- [Brief] The line with "Use the trails" and each line following it, up to the final line of the data, should be set down exactly; pictures stay out.

- [Collected material]
==========

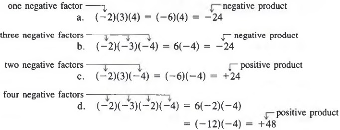 Again, we assume that the commutative and associative laws of mulitplication hold for signed numbers. For example, by the commutative law,
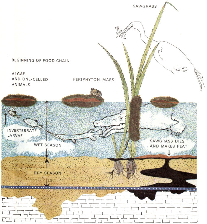 Use the trails that have been laid out to help you see the communities. They make access easy for you; the rest is up to you. Be observant: notice the stemlike root of a saw-palmetto in a damp pothole of the pineland; look closely at the periphyton that plays such an important role in the glades food chain. Note the difference in feeding methods of wading birds; each species has its own niche in the habitat. Most of all, get into the habit of thinking of each animal, each plant, as a member of the closely woven web of life that makes up an integrated community.
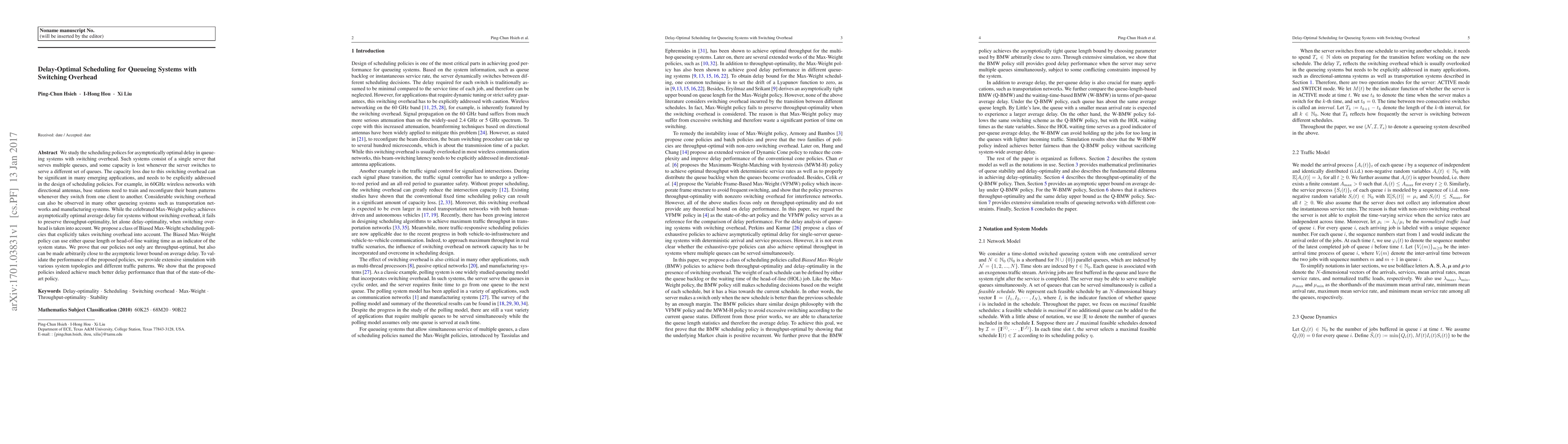 This paper proposes Biased Max-Weight scheduling policies to achieve asymptotically optimal delay in queueing systems with significant switching overhead, such as in 60GHz wireless networks and manufacturing systems. These policies outperform the traditional Max-Weight policy by addressing throughput and delay optimization through extensive simulations.

==========

- [Task solution]
 Use the trails that have been laid out to help you see the communities. They make access easy for you; the rest is up to you. Be observant: notice the stemlike root of a saw-palmetto in a damp pothole of the pineland; look closely at the periphyton that plays such an important role in the glades food chain. Note the difference in feeding methods of wading birds; each species has its own niche in the habitat. Most of all, get into the habit of thinking of each animal, each plant, as a member of the closely woven web of life that makes up an integrated community.
 This paper proposes Biased Max-Weight scheduling policies to achieve asymptotically optimal delay in queueing systems with significant switching overhead, such as in 60GHz wireless networks and manufacturing systems. These policies outperform the traditional Max-Weight policy by addressing throughput and delay optimization through extensive simulations.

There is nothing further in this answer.